The analysis of the Table 7compares the computation time of latest published studies with the proposed IDS with IoTID20 and NSLKDD dataset. The proposed IDS system consumed lesser timing while compared to latest published studies. The computation time signifies the computational complexity and utilization of computational resources57.

Table 7 Analysis of the computational complexity of suggested methodology and the current methodologies within the study’s domain .

Conclusion and future work

This research compared shallow learning techniques, ensemble learning techniques, and shallow learning techniques by statistically selecting the feature. This study proposed a new feature selection technique using the basic statistical techniques Chi2 and the Pearson coefficient to extract the top 5, 10, and 20 features. The vectors that use these features were applied to traditional machine learning algorithms. The study revealed that 15 top features are necessary to emulate the accuracy or better accuracy for the IoTID20 dataset. The new feature selection technique helps increase the accuracy and other performance parameters of low-performing classifiers. The proposed technique was further tested with the NSLKDD dataset. The proposed feature selection technique yielded the best results, with 99% accuracy for both datasets, when the DT classifier was used. The IDS using the Corchi technique with the DT classifier performed competitively with recently published studies.
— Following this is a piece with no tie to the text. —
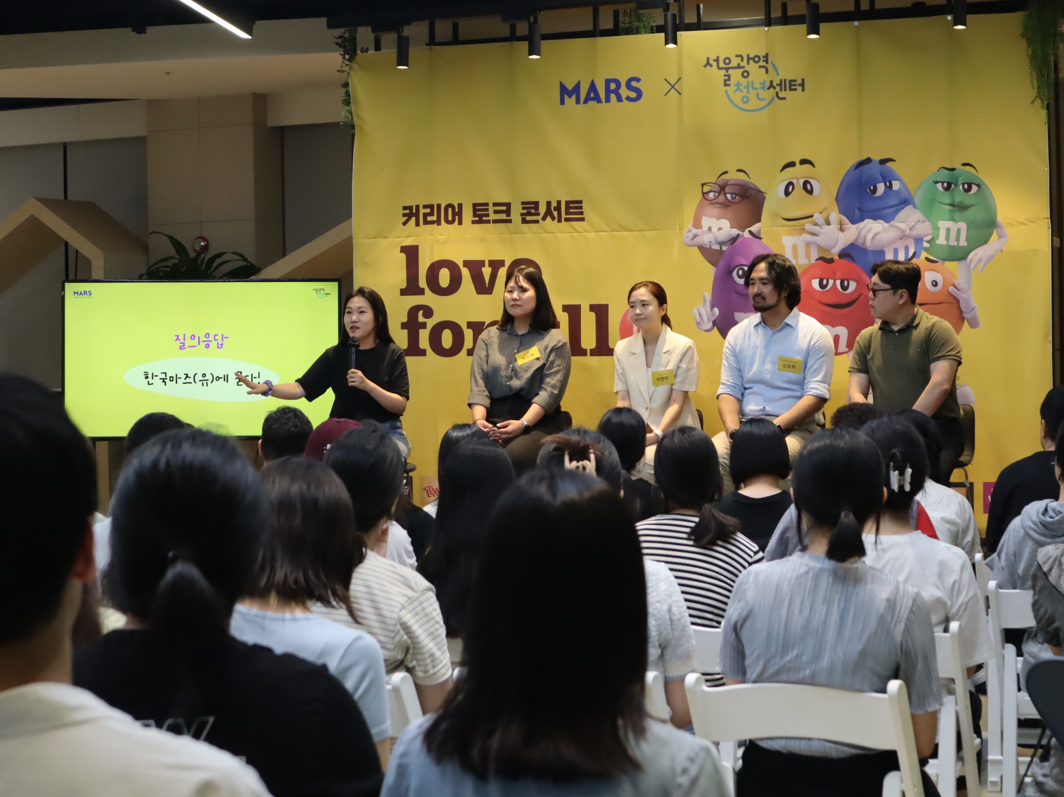 ○ 궂은 날씨에도 불구하고 많은 청년들이 토크 콘서트 현장에 참석했습니다. 서울광역청년센터와 한국마즈(유)에 대한 소개부터, 한국마즈(유) 재직자 네 분의 마케팅/영업/법규(RA)/학술(수의사) 커리어 패스 이야기를 들을 수 있었는데요. 뒤이어 멘토 5분과 함께 사전 및 현장 질의응답을 진행하면서 각 직무와 외국계 기업에 대한 궁금증을 해소할 수 있는 시간이었습니다.

The study demonstrated the use of simple yet robust statistical techniques to create effective and efficient feature selection techniques for IDSs.

In the future, this work can be extended by applying a transfer learning (TL) approach and using domain-specific pre-trained models. TL leverages already extracted features to enhance the intrusion detection and addresses the limitations of small and imbalanced datasets. Furthermore, the exploitation of deep neural networks (DNN) may reduce the intrusion detection time. While DNNs typically have more parameters, increasing the model’s computation time, the goal is to manage a trade-off between achieving high detection accuracy and maintaining low computational costs. This balance will ensure the feasibility of applying intrusion detection models in real-time scenarios. It is crucial to optimize DNN structures for real-time streaming data processing. Effective strategies to reduce detection latency include model reduction, quantization, and parallelization with GPUs or TPUs. When combined, these techniques accelerate the detection process, allowing for rapid responses to emerging threats and enhancing overall cybersecurity resilience.